===== The data =====

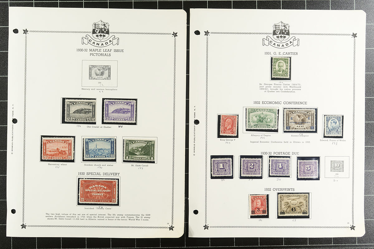 Minkus Mint Collection Part A. The run of 1859-1985, housed within a deluxe padded / illustrated green 3-ring album, with matching Minkus pages going back to 1851 and black mounts added for the stamps. Loads of value here, with primarily used earlier issues including Cents, Large Queens, Small Queens, Maps, Leafs, Numerals, Edwards, Tercentenary, Admiral and strong George V era. A bit mixed condition on the earlier material, but lots of better stamps here, expect the mint to be Hinged / Hinge Remnant, but with some Never Hinged mixed in to act as a bonus once discovered. Includes "back of the book" for the period as well. The catalogue value would likely easily encroach on $8,000-$10,000. Offered intact from a local estate. Estimate =
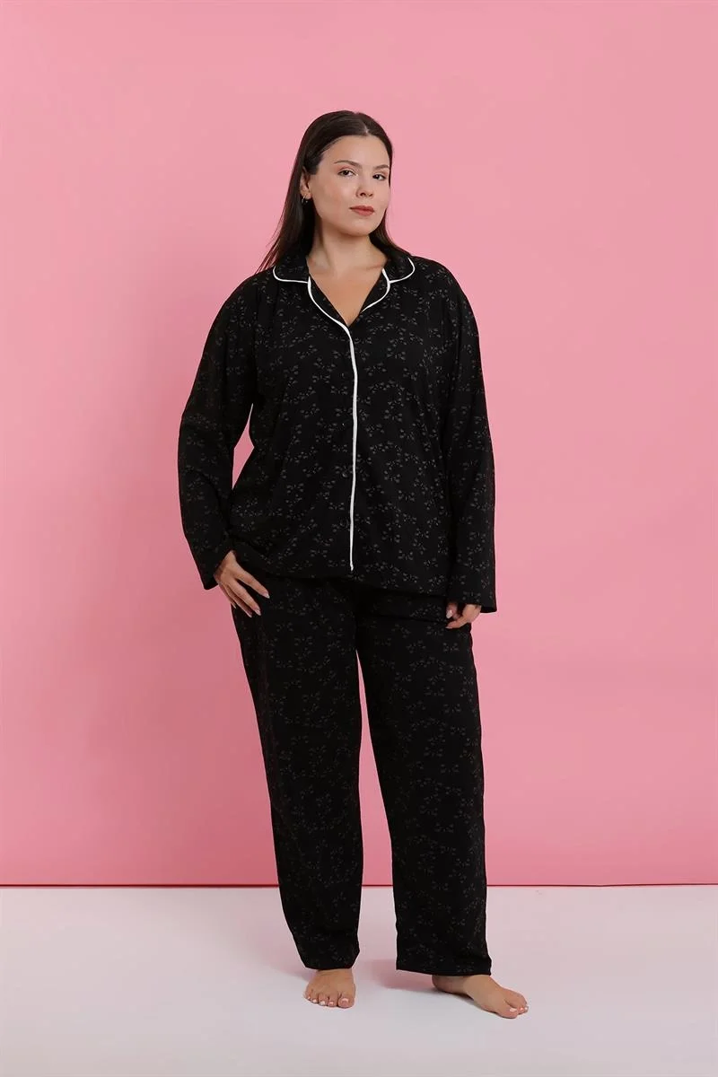 Çamaşır Kenti markasının tasarladığı Kadın Büyük Beden Siyah Kırmızı Çiçekli Düğmeli Pijama Takımı, konfor ve şıklığı bir arada sunuyor.
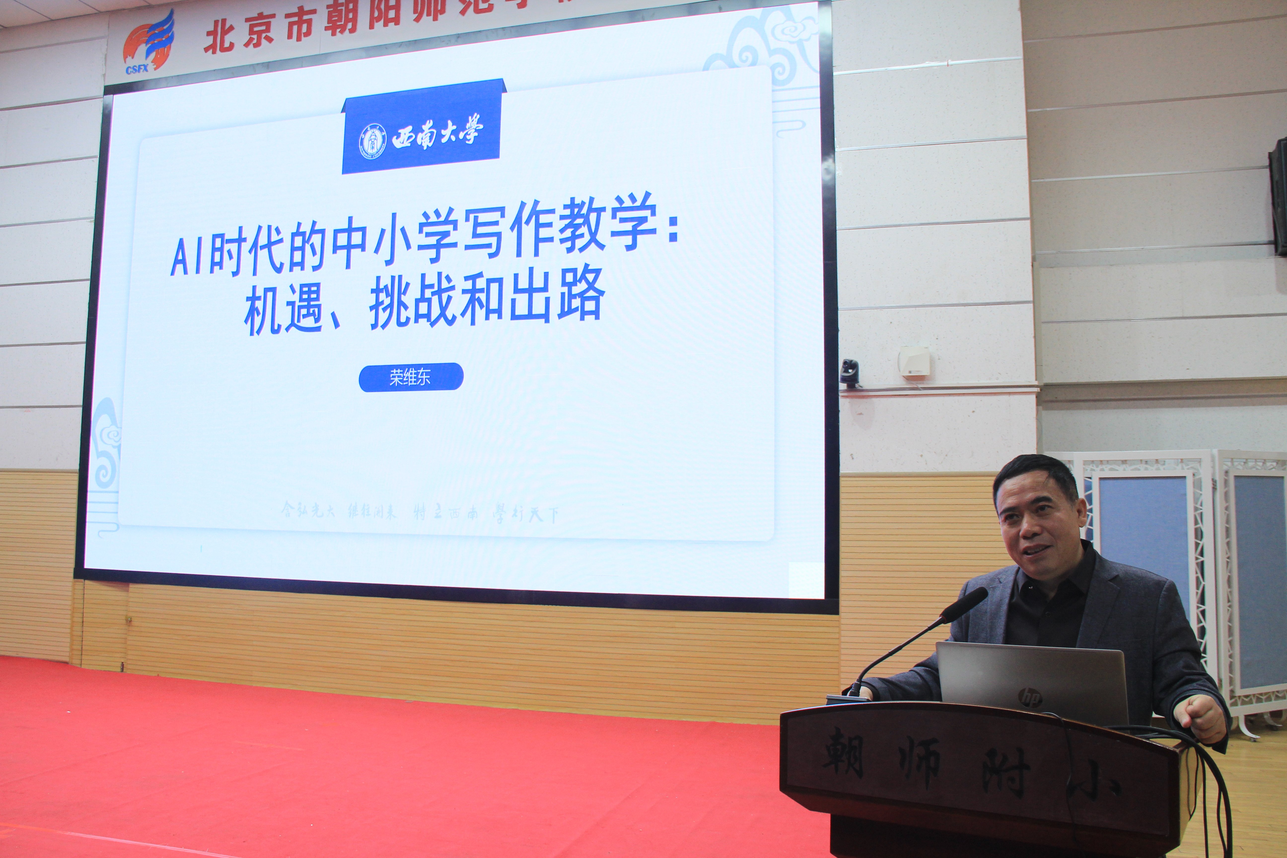 压轴环节,西南大学荣维东教授作了题为《人工智能时代写作教学挑战、机遇与对策》的专家讲座。他深刻剖析了AI给写作教学在评价方式、任务设计等方面带来的核心挑战,并提出了“工具性、辅助性、教育性”三大应用原则。荣教授强调,教育的终极目标不是培养“AI写手”,而是借助AI更好地发展学生的观察力、思考力和原创表达,引导写作教学奔赴“技术赋能、回归育人”的星辰大海。

=====

■ Exercise instructions ■
Extract, word for word, each line from the one that contains "Çamaşır Kenti markasının" through the final line of the data above. Leave the pictures out.

■ Result ■
 Çamaşır Kenti markasının tasarladığı Kadın Büyük Beden Siyah Kırmızı Çiçekli Düğmeli Pijama Takımı, konfor ve şıklığı bir arada sunuyor.
 压轴环节,西南大学荣维东教授作了题为《人工智能时代写作教学挑战、机遇与对策》的专家讲座。他深刻剖析了AI给写作教学在评价方式、任务设计等方面带来的核心挑战,并提出了“工具性、辅助性、教育性”三大应用原则。荣教授强调,教育的终极目标不是培养“AI写手”,而是借助AI更好地发展学生的观察力、思考力和原创表达,引导写作教学奔赴“技术赋能、回归育人”的星辰大海。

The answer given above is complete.